### [ASSIGNED TASK]
Restate the records in full and exactly, with no images included.

[Dataset excerpts]
------------

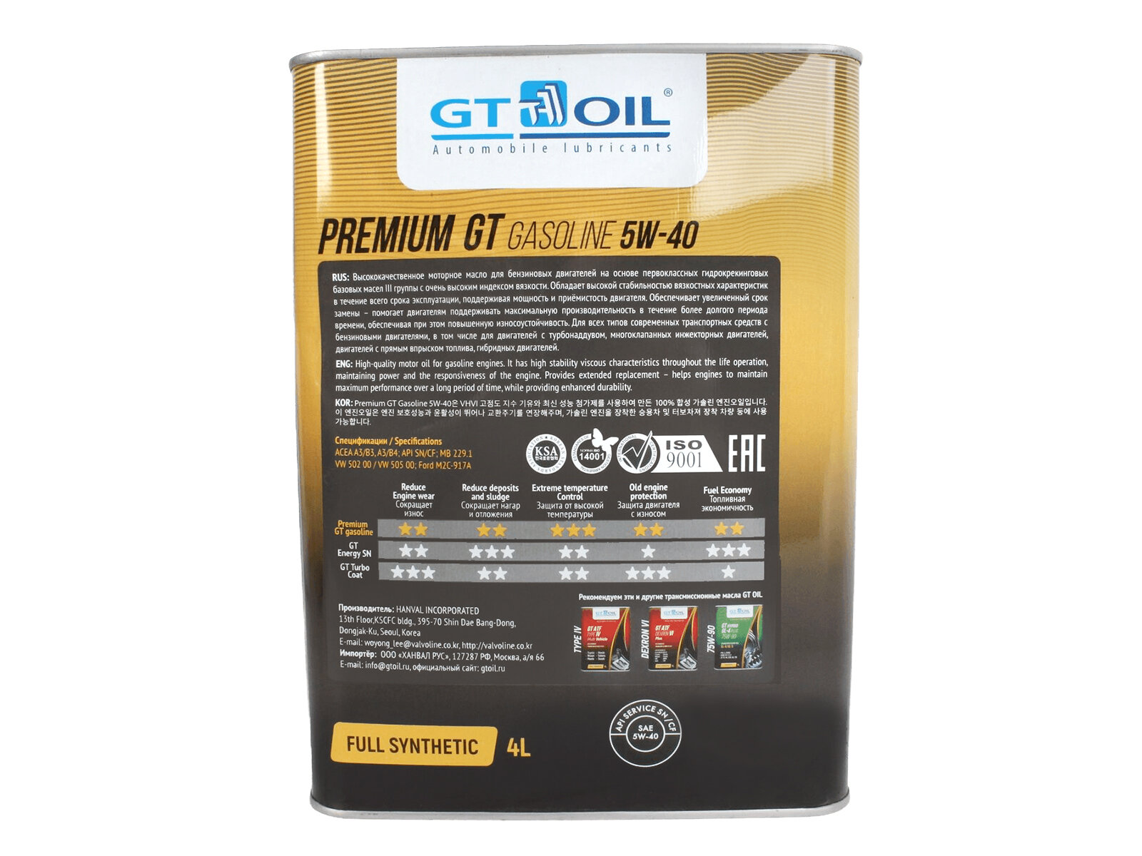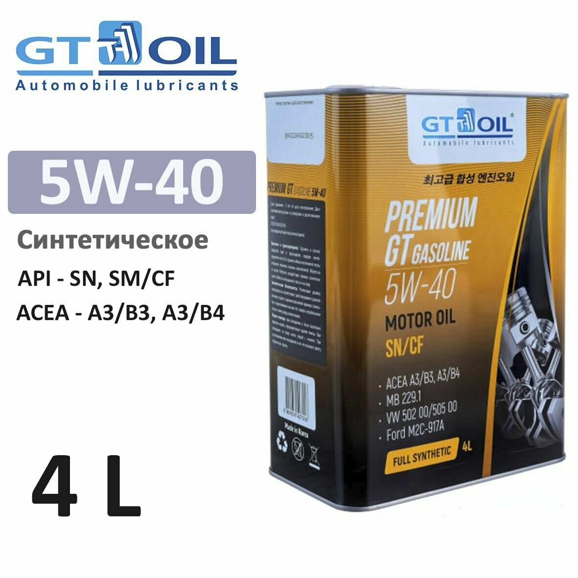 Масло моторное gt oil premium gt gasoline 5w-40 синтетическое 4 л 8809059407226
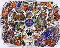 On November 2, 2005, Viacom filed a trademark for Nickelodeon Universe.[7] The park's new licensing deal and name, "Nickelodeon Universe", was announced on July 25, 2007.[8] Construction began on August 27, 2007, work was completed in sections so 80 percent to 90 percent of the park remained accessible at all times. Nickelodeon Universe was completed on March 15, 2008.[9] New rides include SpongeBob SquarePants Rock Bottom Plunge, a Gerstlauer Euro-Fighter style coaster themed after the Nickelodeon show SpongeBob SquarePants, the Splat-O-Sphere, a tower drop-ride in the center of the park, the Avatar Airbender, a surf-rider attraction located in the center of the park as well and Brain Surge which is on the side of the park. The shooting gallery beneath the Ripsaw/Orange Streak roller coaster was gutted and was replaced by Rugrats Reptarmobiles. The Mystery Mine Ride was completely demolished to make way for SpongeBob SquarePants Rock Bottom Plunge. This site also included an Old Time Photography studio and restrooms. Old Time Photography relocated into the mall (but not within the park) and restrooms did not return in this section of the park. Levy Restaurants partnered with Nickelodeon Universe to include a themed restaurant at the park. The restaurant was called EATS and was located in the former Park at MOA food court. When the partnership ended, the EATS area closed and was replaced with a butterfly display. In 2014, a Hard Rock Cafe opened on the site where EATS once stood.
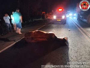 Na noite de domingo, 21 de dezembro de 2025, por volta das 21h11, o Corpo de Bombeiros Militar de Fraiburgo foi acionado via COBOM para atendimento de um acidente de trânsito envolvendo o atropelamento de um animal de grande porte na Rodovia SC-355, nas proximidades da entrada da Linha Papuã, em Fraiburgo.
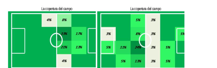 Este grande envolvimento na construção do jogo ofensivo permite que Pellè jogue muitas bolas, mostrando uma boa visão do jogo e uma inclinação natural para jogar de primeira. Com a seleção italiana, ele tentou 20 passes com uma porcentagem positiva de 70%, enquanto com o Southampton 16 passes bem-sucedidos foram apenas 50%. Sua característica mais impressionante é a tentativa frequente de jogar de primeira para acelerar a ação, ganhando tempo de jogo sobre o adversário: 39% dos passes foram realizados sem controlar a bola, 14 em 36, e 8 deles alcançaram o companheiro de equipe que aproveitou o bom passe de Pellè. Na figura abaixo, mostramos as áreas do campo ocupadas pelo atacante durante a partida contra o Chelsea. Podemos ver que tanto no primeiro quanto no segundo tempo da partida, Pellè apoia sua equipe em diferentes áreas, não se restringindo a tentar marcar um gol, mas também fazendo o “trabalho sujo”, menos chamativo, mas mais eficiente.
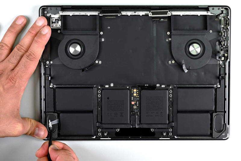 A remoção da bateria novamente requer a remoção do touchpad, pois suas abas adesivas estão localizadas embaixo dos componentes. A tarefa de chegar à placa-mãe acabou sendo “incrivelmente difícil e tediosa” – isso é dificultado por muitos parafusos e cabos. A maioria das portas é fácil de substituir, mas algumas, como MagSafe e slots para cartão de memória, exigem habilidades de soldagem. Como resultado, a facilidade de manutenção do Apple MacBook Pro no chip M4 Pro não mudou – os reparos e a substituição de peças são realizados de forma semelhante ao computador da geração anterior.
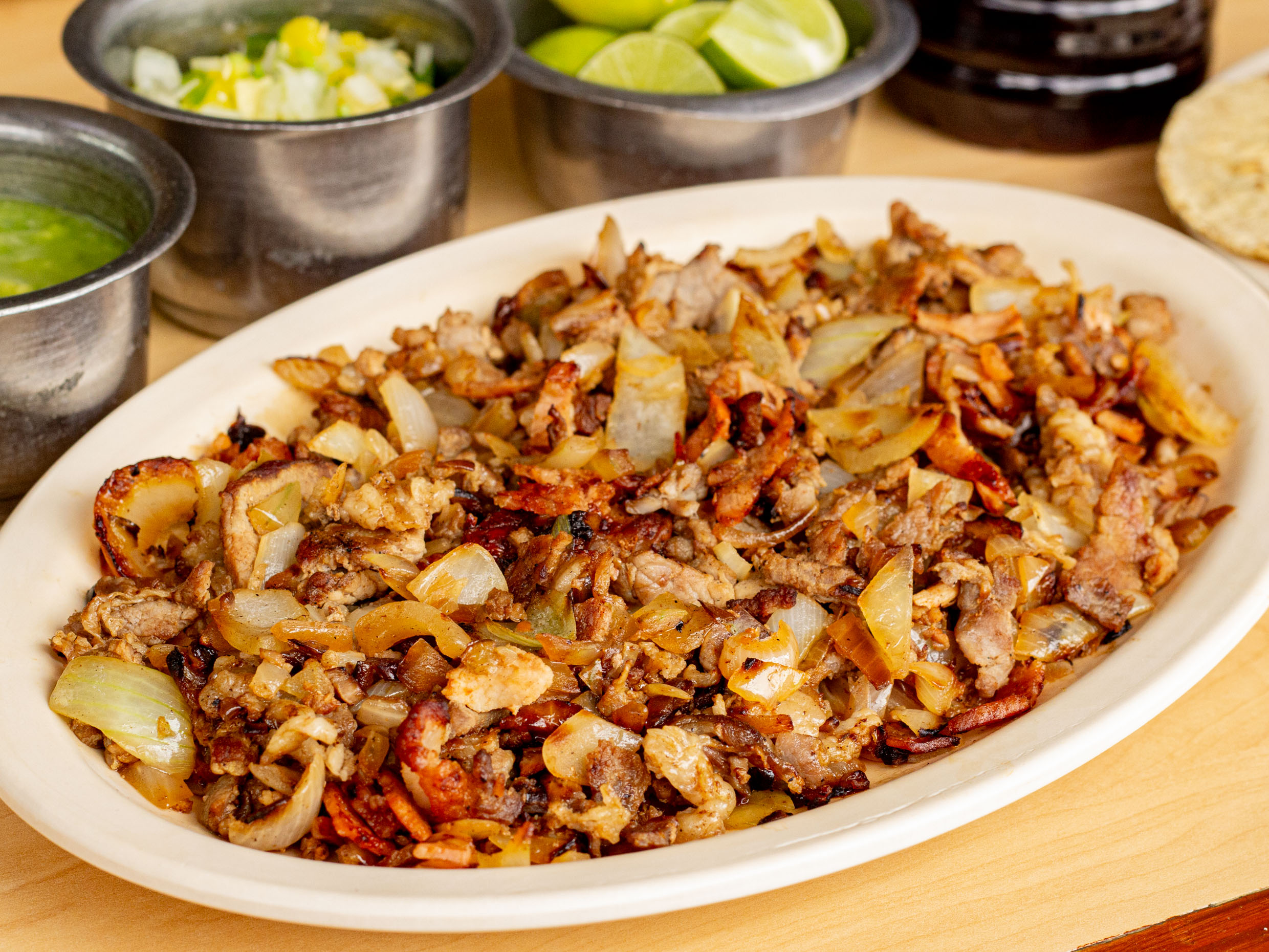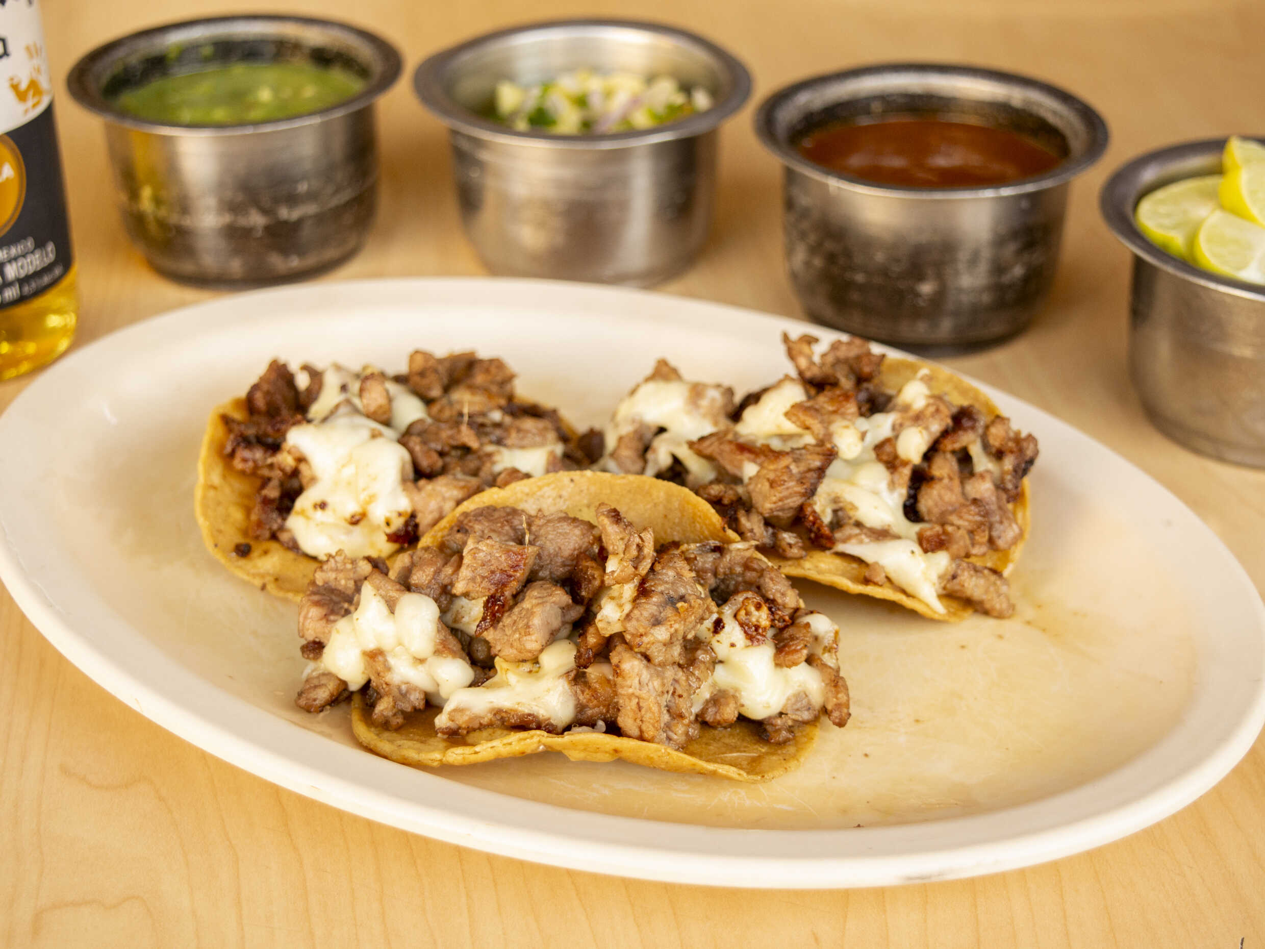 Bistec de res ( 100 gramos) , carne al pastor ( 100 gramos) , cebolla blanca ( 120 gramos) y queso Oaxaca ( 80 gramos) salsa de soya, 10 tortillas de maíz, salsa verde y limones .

------------

### [SOLUTION TO THIS EXERCISE]
 Масло моторное gt oil premium gt gasoline 5w-40 синтетическое 4 л 8809059407226
 On November 2, 2005, Viacom filed a trademark for Nickelodeon Universe.[7] The park's new licensing deal and name, "Nickelodeon Universe", was announced on July 25, 2007.[8] Construction began on August 27, 2007, work was completed in sections so 80 percent to 90 percent of the park remained accessible at all times. Nickelodeon Universe was completed on March 15, 2008.[9] New rides include SpongeBob SquarePants Rock Bottom Plunge, a Gerstlauer Euro-Fighter style coaster themed after the Nickelodeon show SpongeBob SquarePants, the Splat-O-Sphere, a tower drop-ride in the center of the park, the Avatar Airbender, a surf-rider attraction located in the center of the park as well and Brain Surge which is on the side of the park. The shooting gallery beneath the Ripsaw/Orange Streak roller coaster was gutted and was replaced by Rugrats Reptarmobiles. The Mystery Mine Ride was completely demolished to make way for SpongeBob SquarePants Rock Bottom Plunge. This site also included an Old Time Photography studio and restrooms. Old Time Photography relocated into the mall (but not within the park) and restrooms did not return in this section of the park. Levy Restaurants partnered with Nickelodeon Universe to include a themed restaurant at the park. The restaurant was called EATS and was located in the former Park at MOA food court. When the partnership ended, the EATS area closed and was replaced with a butterfly display. In 2014, a Hard Rock Cafe opened on the site where EATS once stood.
 Na noite de domingo, 21 de dezembro de 2025, por volta das 21h11, o Corpo de Bombeiros Militar de Fraiburgo foi acionado via COBOM para atendimento de um acidente de trânsito envolvendo o atropelamento de um animal de grande porte na Rodovia SC-355, nas proximidades da entrada da Linha Papuã, em Fraiburgo.
 Este grande envolvimento na construção do jogo ofensivo permite que Pellè jogue muitas bolas, mostrando uma boa visão do jogo e uma inclinação natural para jogar de primeira. Com a seleção italiana, ele tentou 20 passes com uma porcentagem positiva de 70%, enquanto com o Southampton 16 passes bem-sucedidos foram apenas 50%. Sua característica mais impressionante é a tentativa frequente de jogar de primeira para acelerar a ação, ganhando tempo de jogo sobre o adversário: 39% dos passes foram realizados sem controlar a bola, 14 em 36, e 8 deles alcançaram o companheiro de equipe que aproveitou o bom passe de Pellè. Na figura abaixo, mostramos as áreas do campo ocupadas pelo atacante durante a partida contra o Chelsea. Podemos ver que tanto no primeiro quanto no segundo tempo da partida, Pellè apoia sua equipe em diferentes áreas, não se restringindo a tentar marcar um gol, mas também fazendo o “trabalho sujo”, menos chamativo, mas mais eficiente.
 A remoção da bateria novamente requer a remoção do touchpad, pois suas abas adesivas estão localizadas embaixo dos componentes. A tarefa de chegar à placa-mãe acabou sendo “incrivelmente difícil e tediosa” – isso é dificultado por muitos parafusos e cabos. A maioria das portas é fácil de substituir, mas algumas, como MagSafe e slots para cartão de memória, exigem habilidades de soldagem. Como resultado, a facilidade de manutenção do Apple MacBook Pro no chip M4 Pro não mudou – os reparos e a substituição de peças são realizados de forma semelhante ao computador da geração anterior.
 Bistec de res ( 100 gramos) , carne al pastor ( 100 gramos) , cebolla blanca ( 120 gramos) y queso Oaxaca ( 80 gramos) salsa de soya, 10 tortillas de maíz, salsa verde y limones .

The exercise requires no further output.